Enix Energies is ISO 9001 and ISO 14001 certified. We also conform to ATEX as well as WEEE and RoHS directives.
ISO 9001 and ISO 14001 certification
VDI Group, the group to which the Enix Energies brand belongs, received ISO 9001:2000 certification in February 2006. This certification serves as proof of the desire of each of the group’s employees to achieve the zero defects standard in order to provide the greatest possible customer satisfaction. This certification was renewed in 2014. These rigorous requirements are fundamental especially within the manufacturing and reselling arm of our business which deals with professions in the medical field.
VDI Group also obtained ISO 14001 certification in March 2011 for its entire business, namely for the distribution of batteries as well as the distribution of hygiene and security products. This step corresponds to the company’s strong, long-standing desire to commit to a sustainable development approach in order to manage its environmental footprint.
Enix Energies quickly ascertained the environmental, economic and operational issues present across all of its activities. For this reason, the group took the initiative to implement the following measures: set up its own system for collecting used batteries, take effective measures to reduce its environmental footprint, develop and offer its clients an environmentally friendly or “green” range of products and more.
Thanks to ISO 14001 certification, Enix Energies is strengthening its organisation and its management tools for better monitoring and improvement of its environmental performance.
Enix Energies also aims to become OHSAS 18001:2012 certified, so as to manage an integrated system concerned with quality, security and the environment.
ATEX compliance has been obligatory since 1 July 2003. All new equipment purchased from that date forward must bear the ATEX marking.
In addition to this marking, the following information must also be present:
The name and address of the manufacturer.
The number of the organisation that does the manufacturing checks.
The year of manufacture, the serial number and the product name.
The ATEX certificate number (with the name of the certifying organisation, the date of issue, the serial number, etc.).
The product’s operating temperature (if beyond –20°C or 40°C).
The WEEE Directive (Waste Electrical and Electronic Equipment) refers to waste materials from domestic electrical and electronic equipment as well as equipment which, although used for commercial ends or within organisations, is similar to domestic devices because of its nature and the distribution networks through which they are distributed.

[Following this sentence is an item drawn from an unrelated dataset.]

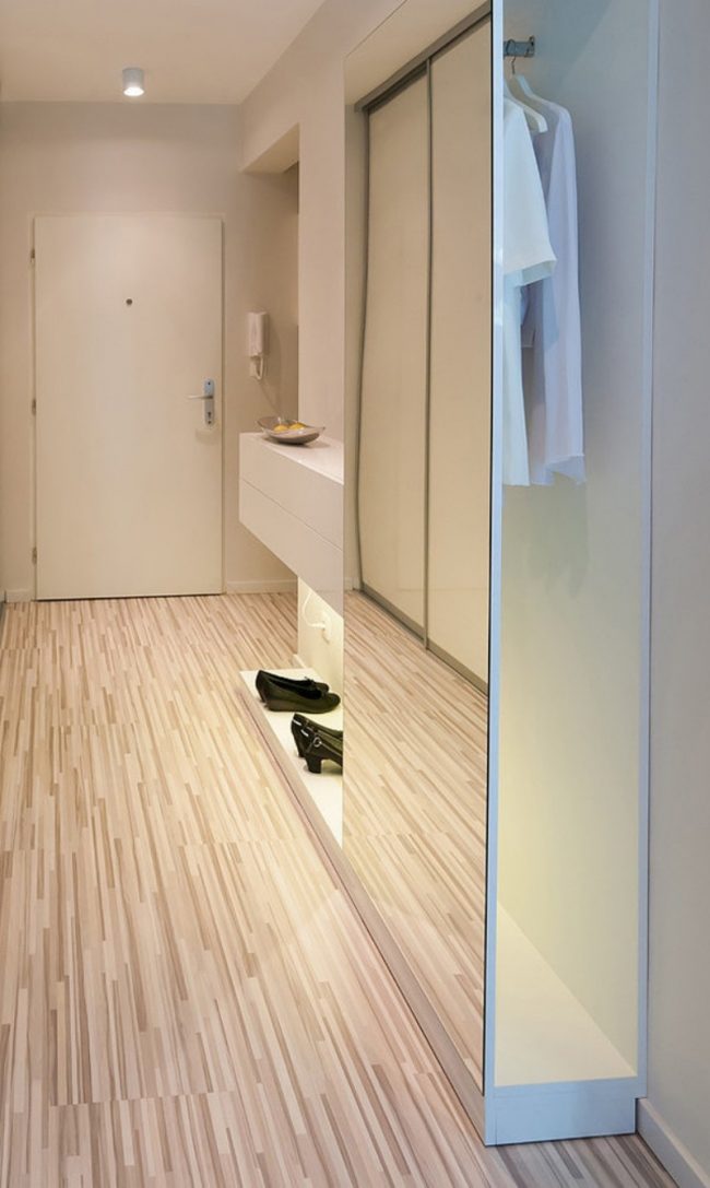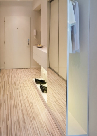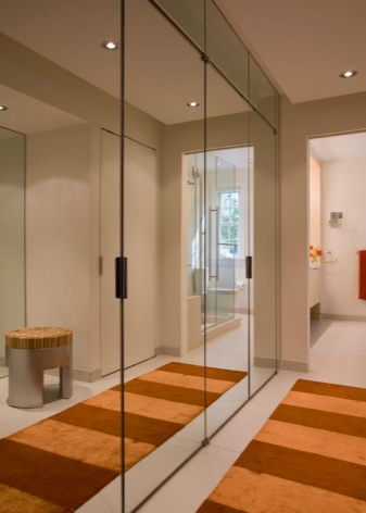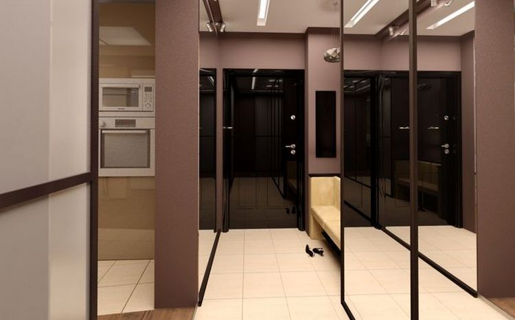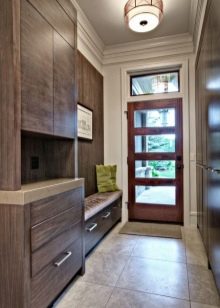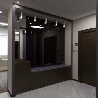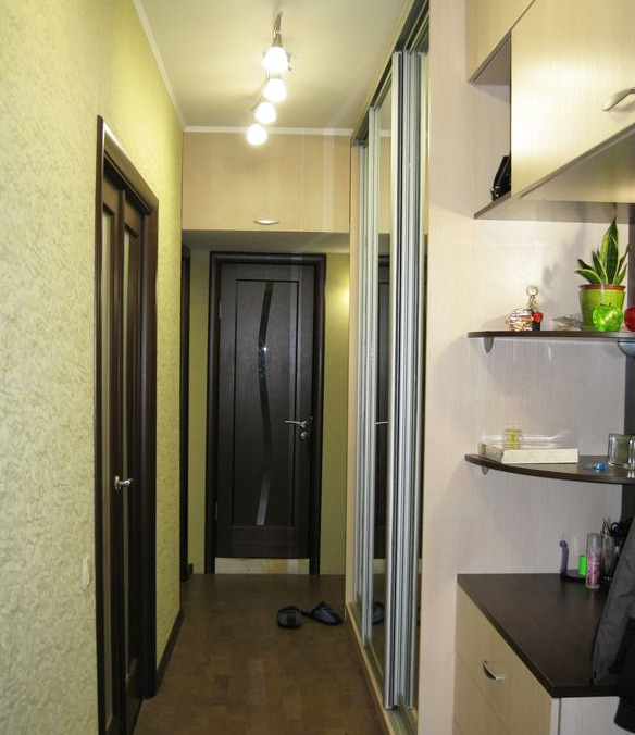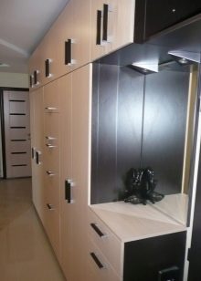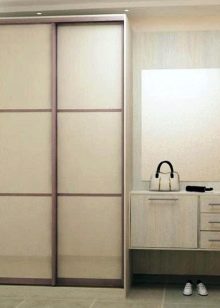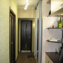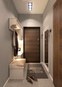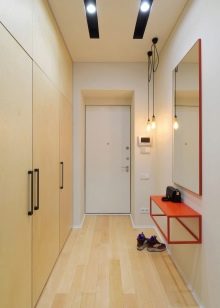 - Closet: a wardrobe installed along one of the corridor walls can collect all the emphasis on oneself, playing the role of a mirror and a spacious dressing room for storing clothes with shoes. This option is appropriate and compact in extremely small dimensions of the room.

Since 15 November 2006, resellers of domestic electric and electronic equipment have been required to inform their buyers of the visible contribution amount that the manufacturers have paid for each device placed on the market, which has already been passed on by the different buyers in the chain.
The Decree n°2005-829 of 20 July 2005 stipulates that producers (manufacturers, importers or distributors of private labels) must handle the collection and processing of selectively collected WEEE. To this end, they join an approved organisation which organises collection and processing. To finance their obligations, they contribute to this organisation per device placed on the market. The amount of this contribution which is paid per device is the visible contribution which is also called eco-contribution, eco-participation, environmental contribution or elimination cost. This amount is faithfully passed on in a visible way to the final consumer throughout a transitional period. The visible contribution is part of the total cost of the devices and not a tax.
The European RoHS Directive (2002/95/CE) of 27 January 2003 relates to the limitation of the use of certain dangerous substances in electrical and electronic devices.
Devices must not contain:
Hexavalent chromium (Cr (Vi))
Polybrominated biphenyls (PBB)
Polybrominated diphenyl ethers (PBDE).
The Technical Adaptation Committee (TAC) in accordance with the WEEE (relating to Waste Electrical and Electronic Equipment) and RoHS directives came to the conclusion in their meeting on 17 December 2003, that neither of the directives covered batteries.
Some of our suppliers, on their own initiatives, have stopped using lead-based brasing in favour of soldering tinned contacts (pre-soldered tabs). This is why all cylindrical lithium batteries with pre-soldered tabs must use lead free tinning.